▶ [Items listed in a dataset]:
+ + + + + + +

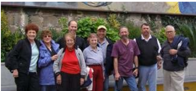
La famiglia - le Memorie MERA VIGLIOSE

I have to add that I can still taste the homemade pastas, various wines without the sulfites, pastries, cheeses and crusty Italian bread; the fresh fish caught daily and homemade sausages and too many dishes to name, gelato, and the best pizza in the world. We arrived home safe and sound, sad to leave our family, but tired and happy to be back in the in the USA. Ciao, Bon Appetito
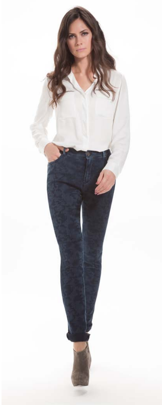
SANDY-SS 5166 130 FLOW 4590 526
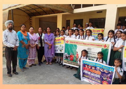
IRCS, Drug De Addiction Centre, Gurdaspur and Nawansheher, Punjab organised a massive cleanliness drive on the eve of Gandhi Jayanti
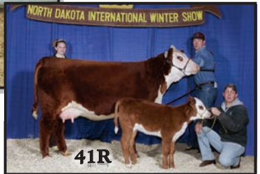
Great Granddam of lot 61 --->
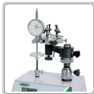
check the measuring force of dial indicator
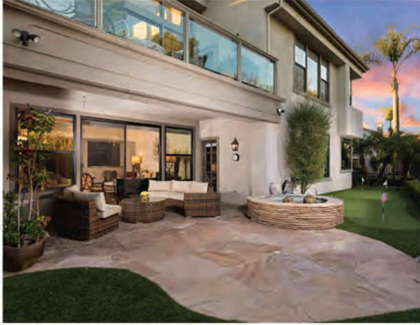
SOLD | $1,975,000 LP SEA ISLAND

+ + + + + + +

▶ [TASK GOAL]: Your copy should hold exactly the lines from the line bearing "SANDY-SS 5166 130 FLOW 4590 526" through the end of the data, both included, and no pictures or anything further.

▶ [ANSWER BELOW]:
SANDY-SS 5166 130 FLOW 4590 526
IRCS, Drug De Addiction Centre, Gurdaspur and Nawansheher, Punjab organised a massive cleanliness drive on the eve of Gandhi Jayanti
Great Granddam of lot 61 --->
check the measuring force of dial indicator
SOLD | $1,975,000 LP SEA ISLAND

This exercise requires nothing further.